--- Dataset extract ---

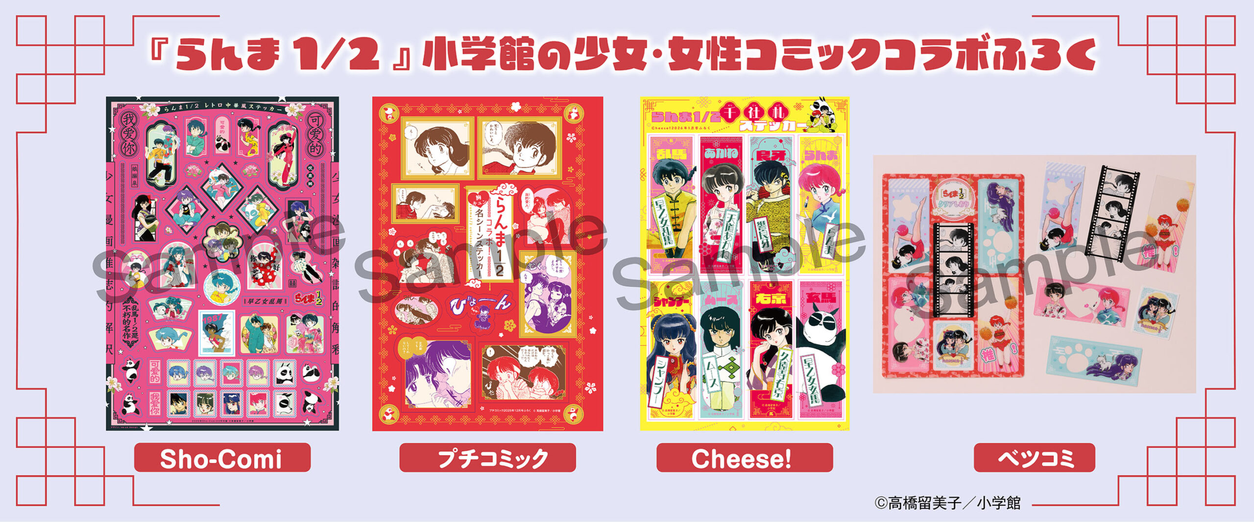 TVアニメ『らんま1/2』第2期の放送を記念し、小学館の少女・女性コミック4誌(「Sho-Comi」「プチコミック」「Cheese!」「ベツコミ」)にて、『らんま1/2』(高橋留美子)のスペシャルコラボ付録が登場します。
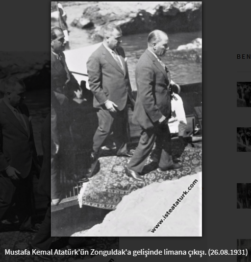 Atatürk, saat 11.30’da halılarla döşenmiş olan merdivenlerden E.K.İ’nin iç limanındaki iskelesine (şimdiki maden mühendisleri odası lokali yanı) çıkmıştır. İskelede kendisini karşılayanların içtenlikle ellerini sıkmıştır. Merdiven başında ise Ayten Basri adlı bir kız çocuğu, "Hoş geldin, Gazi babamız!” diyerek elindeki çiçek demetini takdim etmiştir. Atatürk, çiçek demetini memnuniyetle alarak küçük kızın yanağını okşamıştır.
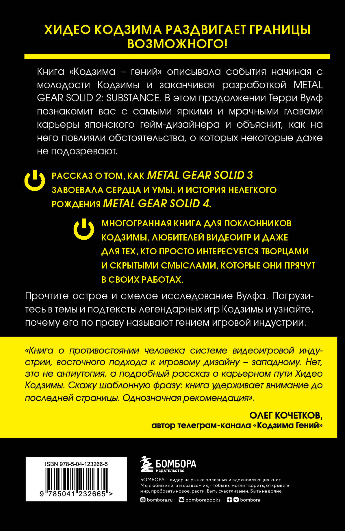 Продолжение книги «Кодзима - гений». Хиодео Кодзима раздвигает границы возможного! Книга «Кодзима - гений» описывала события начиная с молодости Кодзимы и заканчивая разработкой METAL GEAR SOLID 2: SUBSTANCE. В этом продолжении Терри Вулф познакомит вас с самыми яркими и мрачными главами карьеры японского гейм-дизайнера и объяснит, как на него повлияли обстоятельства, о которых некоторые даже не подозревают. • Рассказ о том, как METAL GEAR SOLID 3 завоевала сердца и умы, и история нелегкого рождения METAL GEAR SOLID 4. • Многогранная книга для поклонников Кодзимы, любителей видеоигр и даже для тех, кто просто интересуется творцами и скрытыми смыслами, которые они прячут в своих работах. Прочтите острое и смелое исследование Вулфа. Погрузитесь в темы и подтексты легендарных игр Кодзимы и узнайте, почему его по праву называют гением игровой индустрии. «Книга о противостоянии человека системе видеоигровой индустрии, восточного подхода к игровому дизайну - западному. Нет, это не антиутопия, а подробный рассказ о карьерном пути Хидео Кодзимы. Скажу шаблонную фразу: книга удерживает внимание до последней страницы. Однозначная рекомендация». - Олег Кочетков, автор телеграм-канала «Кодзима Гений»
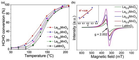 HCHO catalytic oxidation over the La1-xMnO3 series (x = 0–0.4): (a) HCHO conversion into CO2 and (b) EPR spectra of the La1-xMnO3 series (x = 0–0.4). Inset: linear relationship between the amount of oxygen vacancies and the La-deficiency. This figure has been adapted from a previous reference [109].
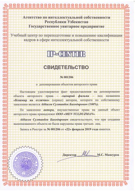 | 8982 | №001206 | Сценарий фильма - "Кошмар на отлично" (сериал) | Аббасов Султанбек Баходирович (100%) | ООО "MEN YULDUZMAN" | 02/22/2019 | ![]() |
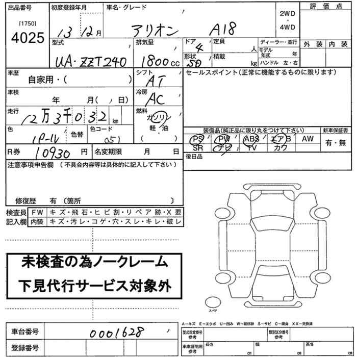 TOYOTA ALLION - лот 4025
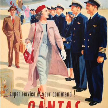 Original vintage travel advertising poster for Qantas super service at your command! Australia's international airline Qantas Empire Airways Ltd in association with British Overseas Airways Corporation BOAC and Tasman Empire Airways Ltd. Great mid century illustration featuring a smartly dressed smiling lady walking past a line of Qantas cabin crew wearing blue uniform with suitcases bearing luggage labels on the side, a man in a brown suit and hat following her and more passengers disembarking a Qantas Lockheed Constellation plane with an Australian flag and winged kangaroo design on the tail in the background, the stylised lettering below. Founded in 1920, Qantas (Queensland and Northern Territory Aerial Services Ltd aka "The Flying Kangaroo") is the national flag carrier of Australia; the airline started international flights in 1935 and is one of the oldest airline companies in the world. Excellent condition, backed on linen.
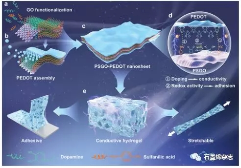 Figure 1 親水性,導電性和氧化還原活性的三明治狀PSGO-PEDOT納米片的示意圖及其在水凝膠中的結合。
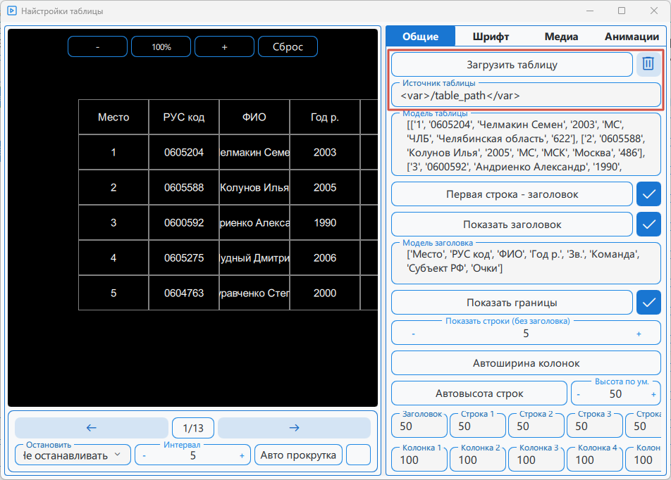 - Показать заголовок — включает или скрывает отображение заголовка в таблице.
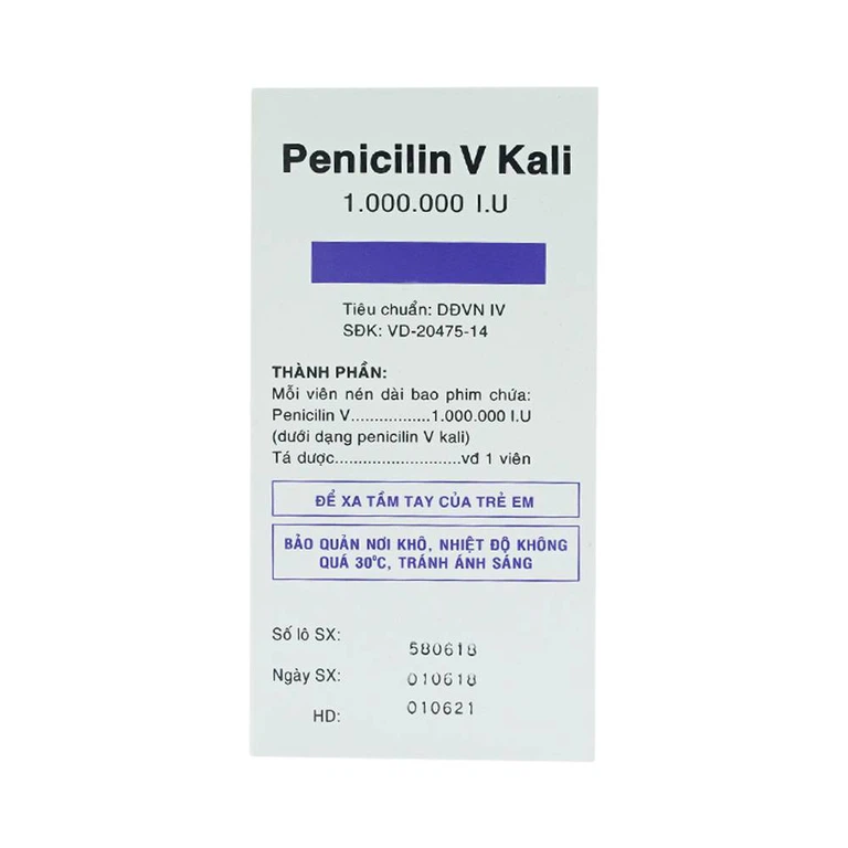Penicilin V Kali 1000.000là một chế phẩm của Penicilin V bền vững với acid dịch vị nên được dùng đường uống.
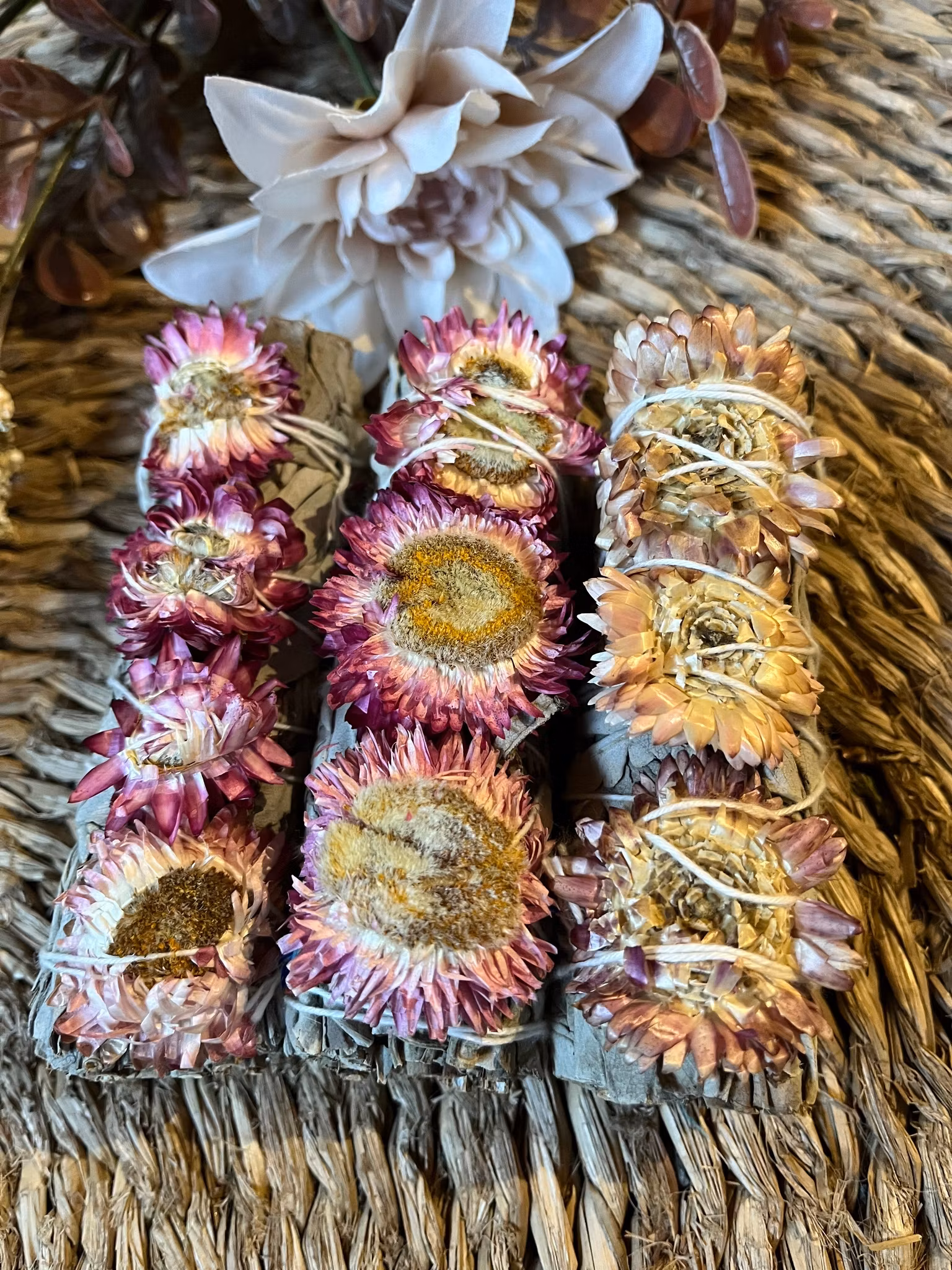 SEO/metabeskrivning: Handbunden vit salvia “Pink Sunflower” från Kalifornien. Premium smudgestick med ekologiska rosa solrosor – naturlig, pesticide-fri och fylld av solenergi. Perfekt för rening och ritual.
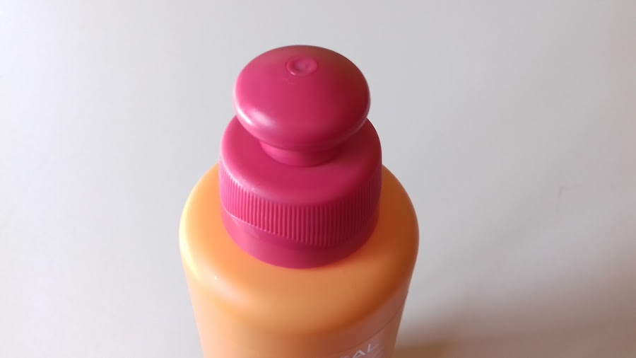 El envase está hecho de plástico en una preciosa combinación de naranja y rosa con tapón. Su aroma es de productos de peluquería y es de color blanco, textura crema. Lo que más me ha sorprendido es que se absorbe súper rápido y no apelmaza nada el cabello, ni deja residuo en las manos.
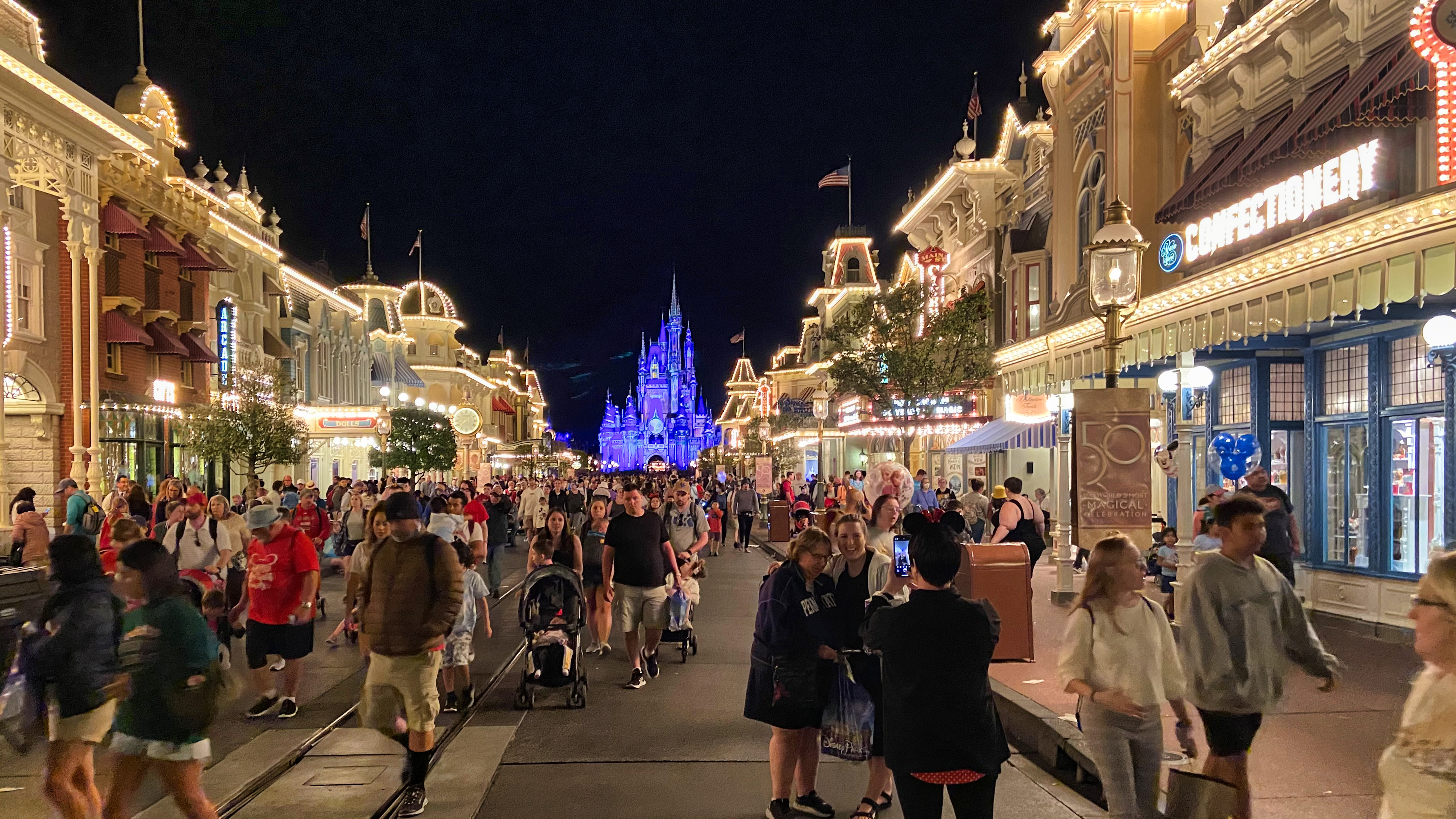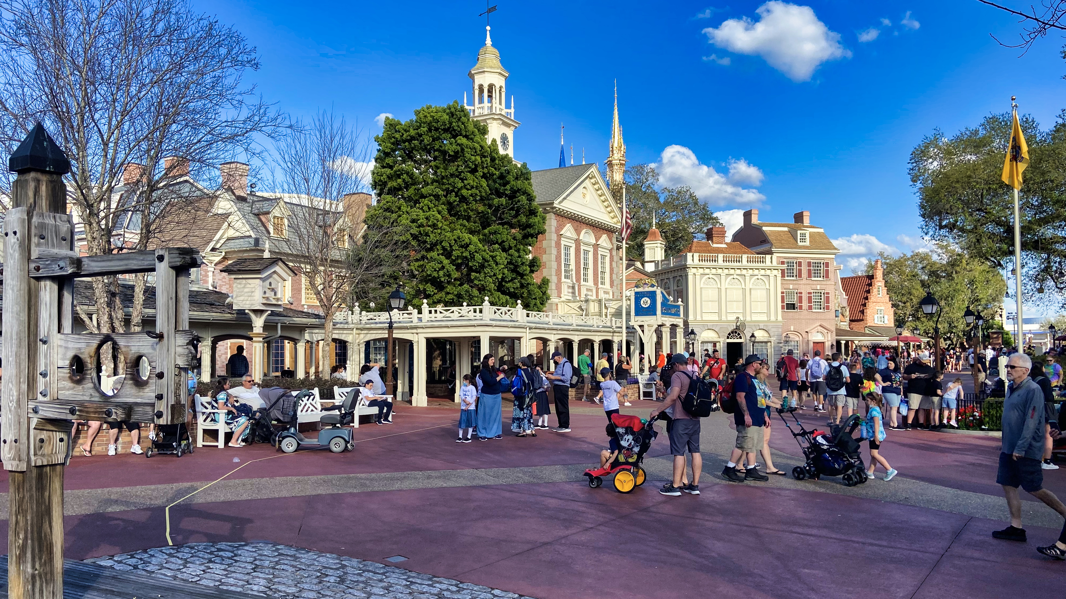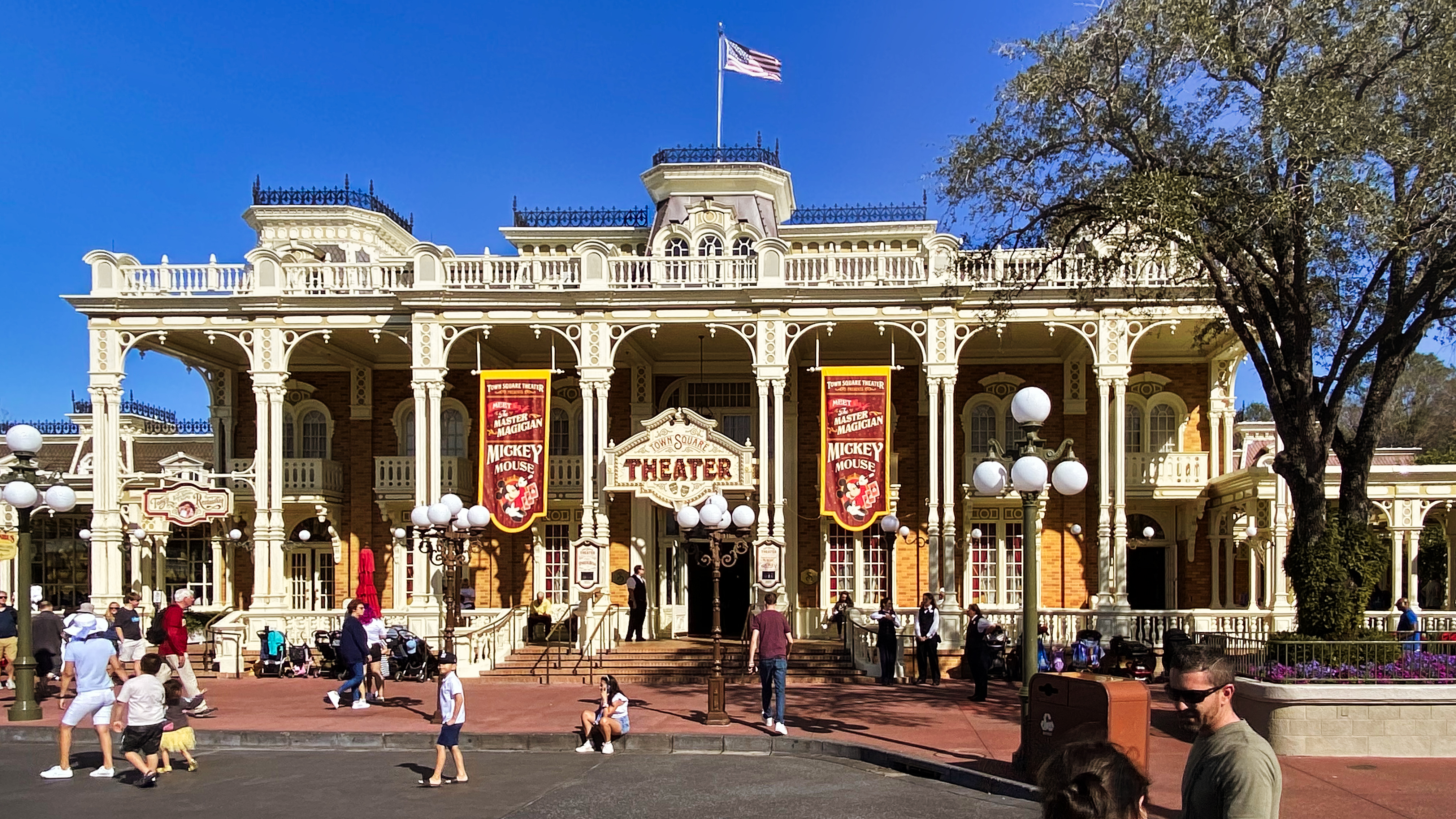 It features stylistic influences from around the country. Taking its inspiration from New England to Missouri, this design is most noticeable in the four corners in the middle of Main Street, where each of the four corner buildings represents a different architectural style. There is no opera house as there is at Disneyland; instead, there is the Town Square Theater. Christopher George Weaver, the “mayor” of Main Street U.S.A. and one of the park's most important figures, greeted guests here for 26 years before he died in 2017
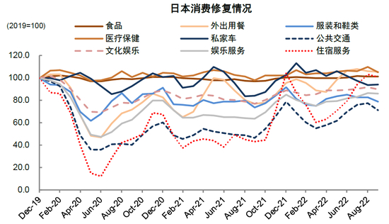 图表26:防疫放开后,日本的住宿服务和外出用餐等服务消费快速反弹

---

### [Brief]
Please retype every record above exactly, leaving out the pictures.

### [Answer for this exercise]
 TVアニメ『らんま1/2』第2期の放送を記念し、小学館の少女・女性コミック4誌(「Sho-Comi」「プチコミック」「Cheese!」「ベツコミ」)にて、『らんま1/2』(高橋留美子)のスペシャルコラボ付録が登場します。
 Atatürk, saat 11.30’da halılarla döşenmiş olan merdivenlerden E.K.İ’nin iç limanındaki iskelesine (şimdiki maden mühendisleri odası lokali yanı) çıkmıştır. İskelede kendisini karşılayanların içtenlikle ellerini sıkmıştır. Merdiven başında ise Ayten Basri adlı bir kız çocuğu, "Hoş geldin, Gazi babamız!” diyerek elindeki çiçek demetini takdim etmiştir. Atatürk, çiçek demetini memnuniyetle alarak küçük kızın yanağını okşamıştır.
 Продолжение книги «Кодзима - гений». Хиодео Кодзима раздвигает границы возможного! Книга «Кодзима - гений» описывала события начиная с молодости Кодзимы и заканчивая разработкой METAL GEAR SOLID 2: SUBSTANCE. В этом продолжении Терри Вулф познакомит вас с самыми яркими и мрачными главами карьеры японского гейм-дизайнера и объяснит, как на него повлияли обстоятельства, о которых некоторые даже не подозревают. • Рассказ о том, как METAL GEAR SOLID 3 завоевала сердца и умы, и история нелегкого рождения METAL GEAR SOLID 4. • Многогранная книга для поклонников Кодзимы, любителей видеоигр и даже для тех, кто просто интересуется творцами и скрытыми смыслами, которые они прячут в своих работах. Прочтите острое и смелое исследование Вулфа. Погрузитесь в темы и подтексты легендарных игр Кодзимы и узнайте, почему его по праву называют гением игровой индустрии. «Книга о противостоянии человека системе видеоигровой индустрии, восточного подхода к игровому дизайну - западному. Нет, это не антиутопия, а подробный рассказ о карьерном пути Хидео Кодзимы. Скажу шаблонную фразу: книга удерживает внимание до последней страницы. Однозначная рекомендация». - Олег Кочетков, автор телеграм-канала «Кодзима Гений»
 HCHO catalytic oxidation over the La1-xMnO3 series (x = 0–0.4): (a) HCHO conversion into CO2 and (b) EPR spectra of the La1-xMnO3 series (x = 0–0.4). Inset: linear relationship between the amount of oxygen vacancies and the La-deficiency. This figure has been adapted from a previous reference [109].
 | 8982 | №001206 | Сценарий фильма - "Кошмар на отлично" (сериал) | Аббасов Султанбек Баходирович (100%) | ООО "MEN YULDUZMAN" | 02/22/2019 | ![]() |
 TOYOTA ALLION - лот 4025
 Original vintage travel advertising poster for Qantas super service at your command! Australia's international airline Qantas Empire Airways Ltd in association with British Overseas Airways Corporation BOAC and Tasman Empire Airways Ltd. Great mid century illustration featuring a smartly dressed smiling lady walking past a line of Qantas cabin crew wearing blue uniform with suitcases bearing luggage labels on the side, a man in a brown suit and hat following her and more passengers disembarking a Qantas Lockheed Constellation plane with an Australian flag and winged kangaroo design on the tail in the background, the stylised lettering below. Founded in 1920, Qantas (Queensland and Northern Territory Aerial Services Ltd aka "The Flying Kangaroo") is the national flag carrier of Australia; the airline started international flights in 1935 and is one of the oldest airline companies in the world. Excellent condition, backed on linen.
 Figure 1 親水性,導電性和氧化還原活性的三明治狀PSGO-PEDOT納米片的示意圖及其在水凝膠中的結合。
 - Показать заголовок — включает или скрывает отображение заголовка в таблице.
Penicilin V Kali 1000.000là một chế phẩm của Penicilin V bền vững với acid dịch vị nên được dùng đường uống.
 SEO/metabeskrivning: Handbunden vit salvia “Pink Sunflower” från Kalifornien. Premium smudgestick med ekologiska rosa solrosor – naturlig, pesticide-fri och fylld av solenergi. Perfekt för rening och ritual.
 El envase está hecho de plástico en una preciosa combinación de naranja y rosa con tapón. Su aroma es de productos de peluquería y es de color blanco, textura crema. Lo que más me ha sorprendido es que se absorbe súper rápido y no apelmaza nada el cabello, ni deja residuo en las manos.
 It features stylistic influences from around the country. Taking its inspiration from New England to Missouri, this design is most noticeable in the four corners in the middle of Main Street, where each of the four corner buildings represents a different architectural style. There is no opera house as there is at Disneyland; instead, there is the Town Square Theater. Christopher George Weaver, the “mayor” of Main Street U.S.A. and one of the park's most important figures, greeted guests here for 26 years before he died in 2017
 图表26:防疫放开后,日本的住宿服务和外出用餐等服务消费快速反弹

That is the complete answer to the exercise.